JPH1154272A - Manufacture of luminescent display - Google Patents

Abstract

PROBLEM TO BE SOLVED: To manufacture a full-color luminescent display, without changing a manufacturing process much by discharging a solution containing a polyparaphenylene-vinylene precursor and a high boiling point solvent by a discharge device, and then drying at a specified temperature or lower prior to baking a board. SOLUTION: As a discharge device, an ink-jet printing device is ideal from the viewpoints of making it minutene and rapid. As a high boiling point solvent to be used, glyceline is desirable. Since this solvent can keep the interior of a nozzle of the discharge device moist at all times, the nozzle is not plugged so as to be usable for many hours. Drying before baking is performed at 120 deg.C or lower. The solvent can therefore be eliminated without forming the double bond of a polyparaphenylene-vinylene precursor. In the case drying is performed in vacuum, preferably 1 mmHg or less, the solvent can be eliminated in a short time, so as to be able to manufacture a display satisfactory in luminous efficiency without a shift in emission wavelength.

Description

DETAILED DESCRIPTION OF THE INVENTION

[0001]

BACKGROUND OF THE INVENTION 1. Field of the Invention The present invention relates to a method for manufacturing a light emitting display, and more particularly, to a method for manufacturing a light emitting display in which a light emitting material is discharged by using a discharge device to form a light emitting layer.

[0002]

2. Description of the Related Art In recent years, liquid crystal displays have become word processors,
It is widely used as a display unit of a personal computer or the like. This liquid crystal display is a non-light-emitting element and has a problem in terms of brightness, particularly when used in a reflective display. Attention has been paid to a light-emitting display using an organic light-emitting material (hereinafter, referred to as an organic EL) having a thin and lightweight characteristic. FIG. 1 shows a cross-sectional view of the light emitting display. In the figure, 1 indicates an aluminum electrode, 2 indicates an organic EL material, 3 indicates an ITO transparent electrode, 4 indicates a glass substrate, and 5 indicates a power supply. The method of making this light emitting display is as follows. First, an ITO transparent electrode is provided on a transparent substrate by a sputtering method, an evaporation method, or the like. Thereafter, an electrode having a desired shape is formed by photolithography. Thereafter, an organic EL material is coated by a spin coating method, a vapor deposition method, a discharge method, or the like to form a light emitting layer.

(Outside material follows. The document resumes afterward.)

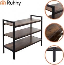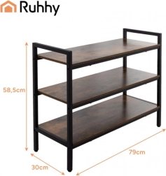 The practical RUHHY shoe rack in a loft style combines functionality, stability, and an elegant look. Three sturdy shelves with a load capacity of 30 kg each hold shoes for the whole family, while the durable metal frame and wooden shelves in a warm tone add a modern touch to your interior. Compact dimensions of 79 × 30 × 58.5 cm save space, and protective feet prevent floor scratches.

[0003] The above method is the main method of coating, but recently, an ejection method capable of patterning has attracted attention.

A counter electrode is obtained by blowing a metal having a low work function, for example, magnesium, aluminum, lithium, calcium, silver, or an alloy thereof on the light emitting layer thus obtained by vapor deposition, sputtering, or the like. . The above is the basic process, but in order to increase the luminous efficiency, after attaching the ITO transparent electrode, a hole transport material such as N, N′-diphenyl-N, N ′-(2,4
-Dimethylphenyl) -1,1'-biphenyl-4,
4′-diamine may be applied by a vapor deposition method. After attaching the organic EL material, the electron transporting material is changed to, for example, 2- (4
-Biphenyl) -5- (4-tert-butylphenyl) -1,3,4-oxydiazole.

Light can be emitted by applying an electric field to the two opposite electrodes. A feature of this light emitting display is that it can be driven at a low voltage of 10 volts or less.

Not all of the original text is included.